Ah! and how shady the shops are. There
are some as dark as the purser's store–room in
a cockpit. You enter them, not only to shop, but
to bestow yourself in a rocking–chair, to nod and
to take, if you please, forty winks. The
shopkeeper never dreams of disturbing you. He puts
your nap in the bill; that is to say, he adds
fifty per cent to the price of the articles you
wish to purchase. Of course you beat him
down. You bargain for everything in Havana
mayor or minor, wholesale or retail. The
apothecary who sells you a blue pill expects an
amicable little tussle over the price. What
matters? It fills up the time, and, unless you are
concerned in sugar or coffee, you are sure to
have plenty of time hanging on your hands.
"Are there no beggars at your gate? are there
no poor about your lands?" the Poet Laureate
might indignantly ask. Well, the poor are
slaves, and are very fat and shiny, and
seemingly well cared for (which does not in the least
militate against slavery being a stupid, blundering,
and accursed anachronism, of which the
Spaniards themselves are heartily sick), and as
for the beggars, I never saw any in Havana;
and, had I met one, I should certainly not
have presumed to offer him less than a golden
dollar.

The tradespeople seldom, if ever, put their
names over their shop–fronts. They adopt
signs insteadnot painted or plastic ones as
the Americans and the Germans do, but simply
written inscriptions usually implying some
ethical allusion. "La Rectitud," our old friend
of the boat, is much patronised by the mercers;
but that tradesman in the Calle O'Reilly must
have had queer ideas of rectitude when he
charged me seventy–five dollars for a dress
professedly made of pina or pine–apple fibre, but
which subsequently turned out to be a silk
grenadine from Lyons, not worth three guineas.
Then you have "La Probidad," "La Integridad,"
"La Buena Fé," "La Consciencia"—all special
favourites with the gentlemen of the narrow
width and ell wand. Their signs are very pretty,
but methinks they do profess too much. Some
are simply arrogant, "Todos mi elogian"—
I am praised by everybody; "Mi famo per
l'Orbo vuela"—my fame is universal: these are
over the cigar–shops. The photographer has a
flourish about "El Sol de Madrid" and "El
Rayo de Luz;" one studio went by the name
of "El Relampago"—the flash of lightning;
and I never could refrain from laughing at the
motto adopted by the proprietor of a shop for
the sale of lucifer matches—"La Explosion."

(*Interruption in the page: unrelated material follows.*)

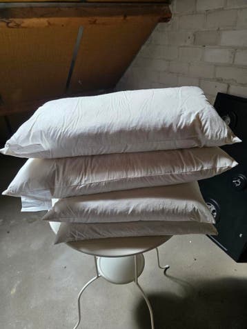 Hier zijn 6 witte binnenkussens. Twee van de kussens zijn wat groter dan de andere vier. Ze zijn allemaal wit van kleur.

And now, if you please, picture these thread–
my–needle thoroughfares, not one of them a third
so wide as Hanway–yard, shady to intensity, but
yet rich in the tender tints of reflected light,
and semitones stealing through the diaphanous
awnings overhead, with here and there a pod,
a splash, an "explosion," of positive light and
colourwhere the sun has found a joint in the
armour of awning and made play with his
diamond dart; picture these lanes thronged
from morning till night with sallow Spanish
Creoles, in white linen and Panamas, and negroes
and negresses gaudy, gaping, and grinning,
according to the wont of our African brothers
and sisters. Now and then a slouch–hatted,
black–cassocked priest, now and then a demure
Jesuit Father; many soldiers in suits of
"sursucker," a material resembling thin bed–ticking,
straw hats, and red cockades; many itinerant
vendors of oranges, lemonade, sugar–plums, and
cigars, for though every third shop is a
tobacconist's, there is a lively trade in cigars done in
the streets. The narrowness of the foot–pavement
affects you little. You may walk in the
roadway without inconvenience. There is
nothing to run over you save the bullock–drays,
whose rate of speed rarely exceeds a mile an
hour, and the pack–mules, which are so laden
with fresh–cut Indian corn–stalks for fodder
that only their noses and the tips of their tails
are visible beneath their burdens, and they look
like animated hayricks, and the volantes, which
are so light and springy that they would scarcely
crush the legs of a fly if their wheels passed over
him.

I confess that these several and sundry
humours of Havana were, when first I viewed
them, subordinated to my intense desire to find
an inn in which I could take mine ease; and I
was on the point of desiring the old negro
(who was frantic with rage by this time) to
turn his bullock's head to the city gates and
joumey towards Legrand's, when the odour of
a decidedly first–rate cuisine attracted me, and
ultimately induced me to put up at an inn in the
Calle del Obispo. To tell the truth, I wanted
my breakfast, desperately.

    THE LAY OF THE PHANTOM SHIP.

        And soon
        Those ugly human shapes and visages,
        Of which I spoke as having wrought me pain,
        Past floating in the air, and fading still
        Into the winds ....
                                       Prometheus Unbound.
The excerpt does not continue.